# PROBLEM TO SOLVE
Pictures do not belong in the copy; restate the records below word for word.

EXTRACTED ENTRIES START

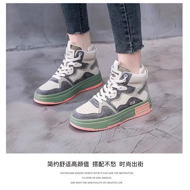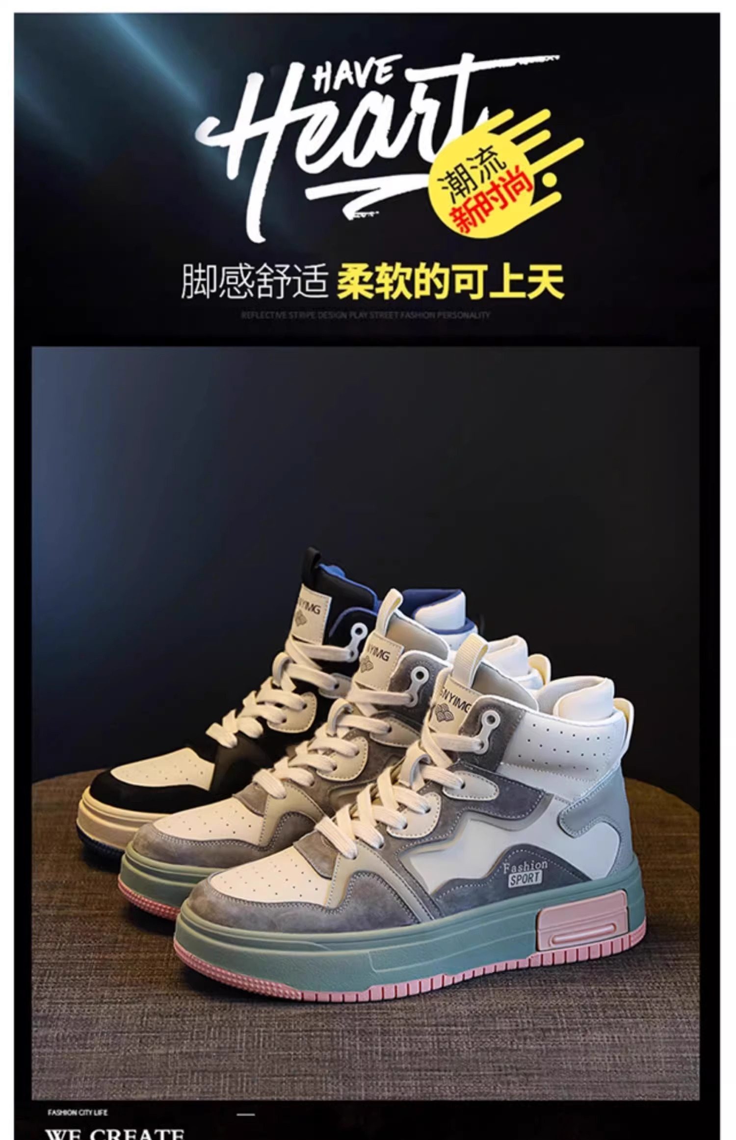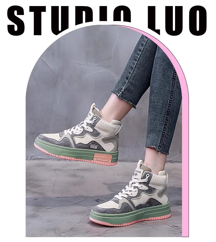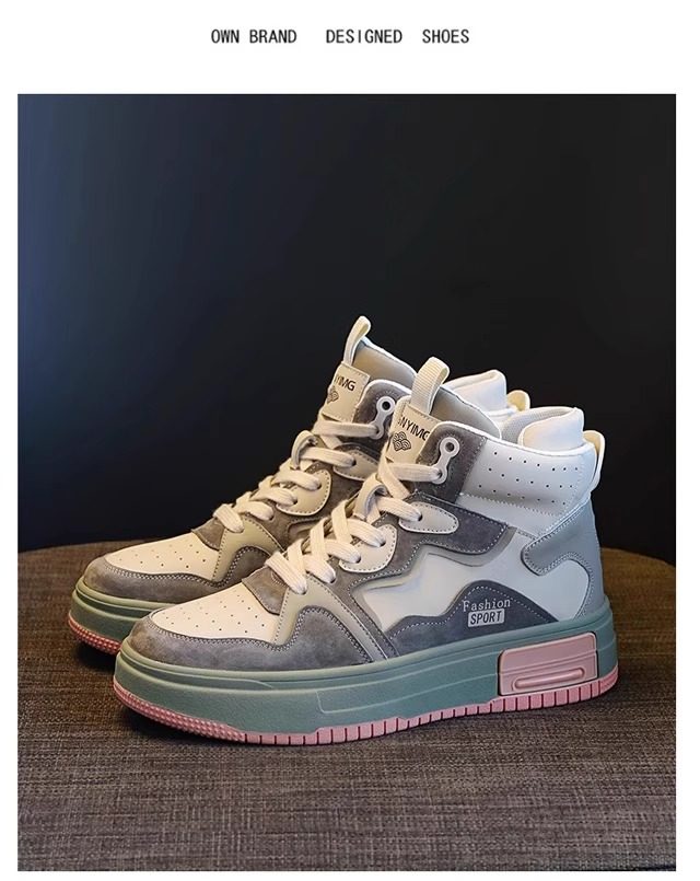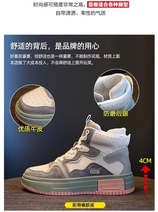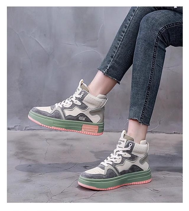 Sanli Genuine Leather Martin Boots for Women 2025 Spring and Autumn New High-Top Sports Casual Shoes Sneakers Thick-Soled Color-Blocked Short Boots Trendy
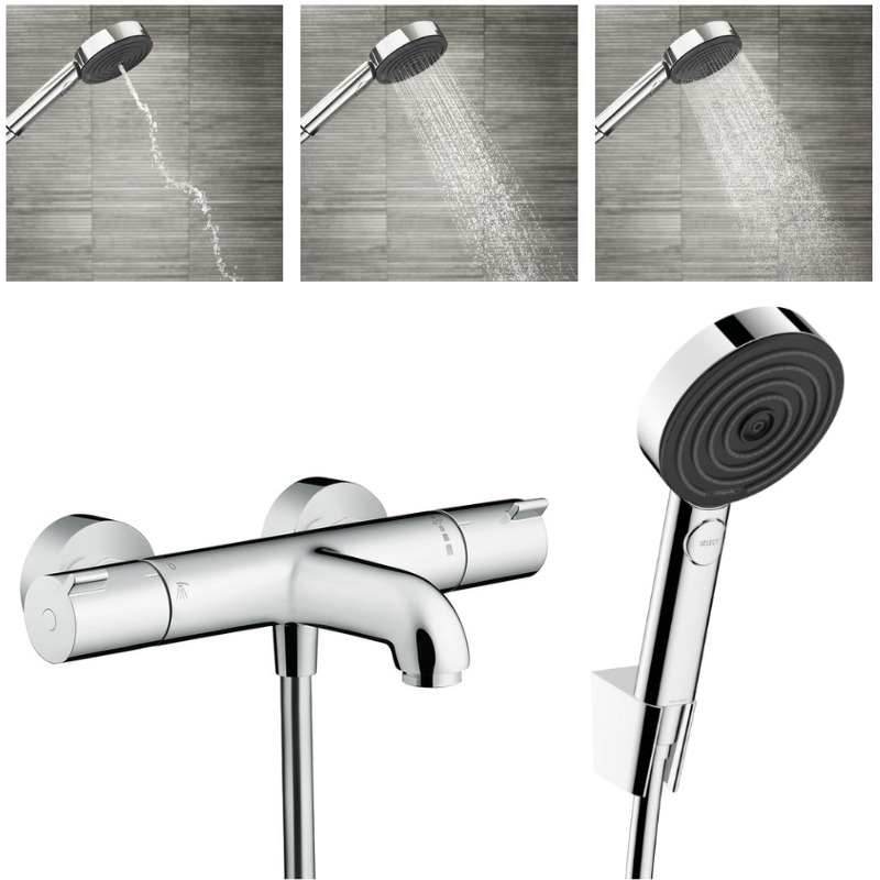 Ecostat Set Mitigeur Thermostatique bain/douche + Douchette à main 105mm 3 jets + Flexible douche 160cm + Support mural, Chrome
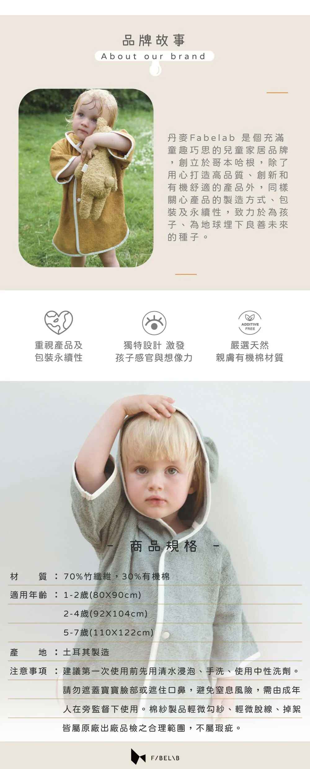 Fabelab 竹纖維浴袍1-2y (多款可選)
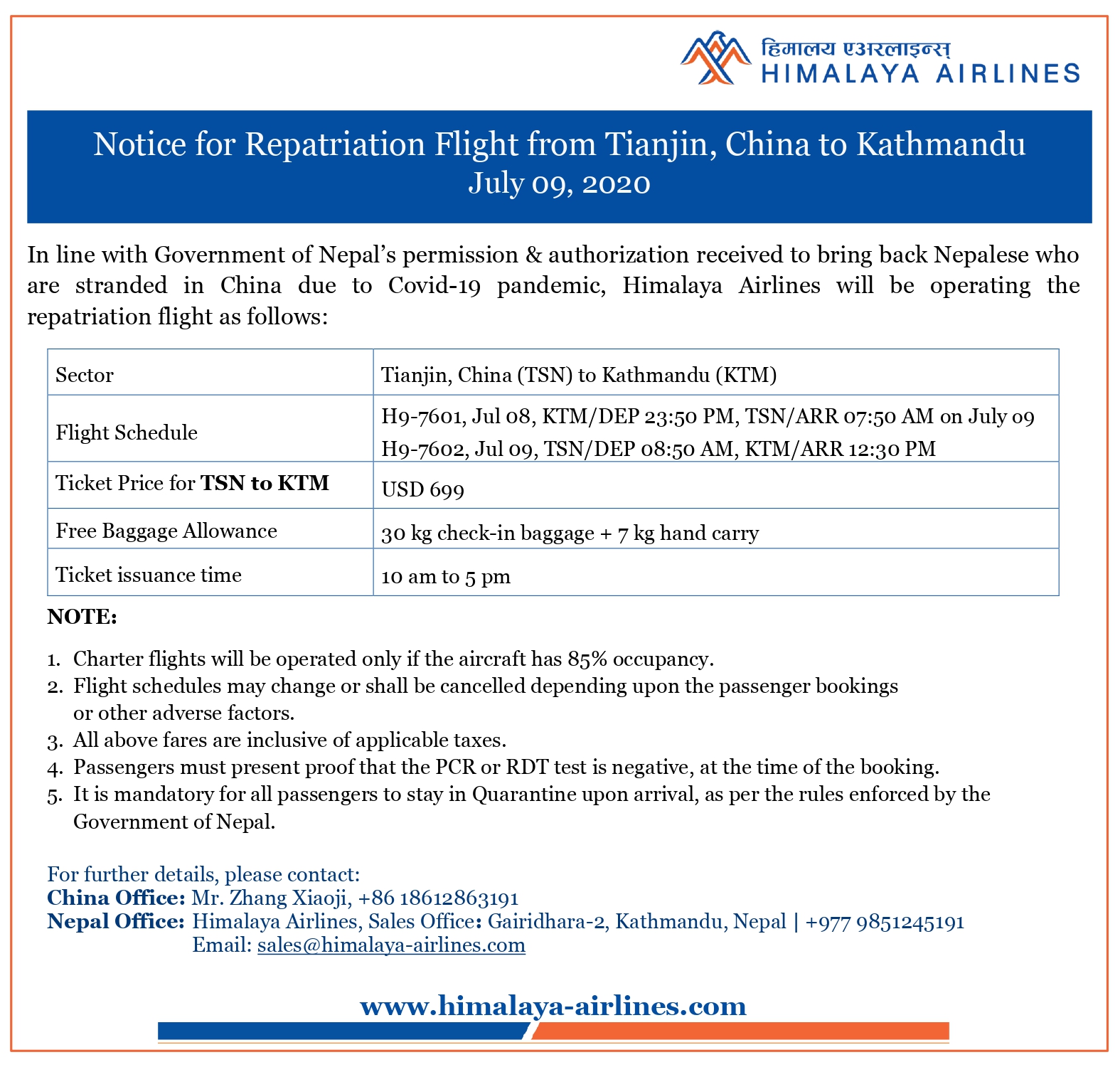 Repatriation Flight from Tianjin to Kathmandu - Jul 09, 2020
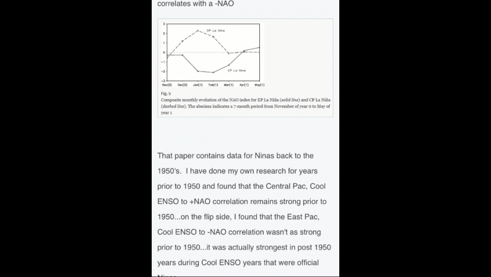 Don't forget to mention that the correlation is not as strong with weak Ninas. Plus, most winters had at least one decent -NAO month.

EXTRACTED ENTRIES END

# REPLY
 Sanli Genuine Leather Martin Boots for Women 2025 Spring and Autumn New High-Top Sports Casual Shoes Sneakers Thick-Soled Color-Blocked Short Boots Trendy
 Ecostat Set Mitigeur Thermostatique bain/douche + Douchette à main 105mm 3 jets + Flexible douche 160cm + Support mural, Chrome
 Fabelab 竹纖維浴袍1-2y (多款可選)
 Repatriation Flight from Tianjin to Kathmandu - Jul 09, 2020
 Don't forget to mention that the correlation is not as strong with weak Ninas. Plus, most winters had at least one decent -NAO month.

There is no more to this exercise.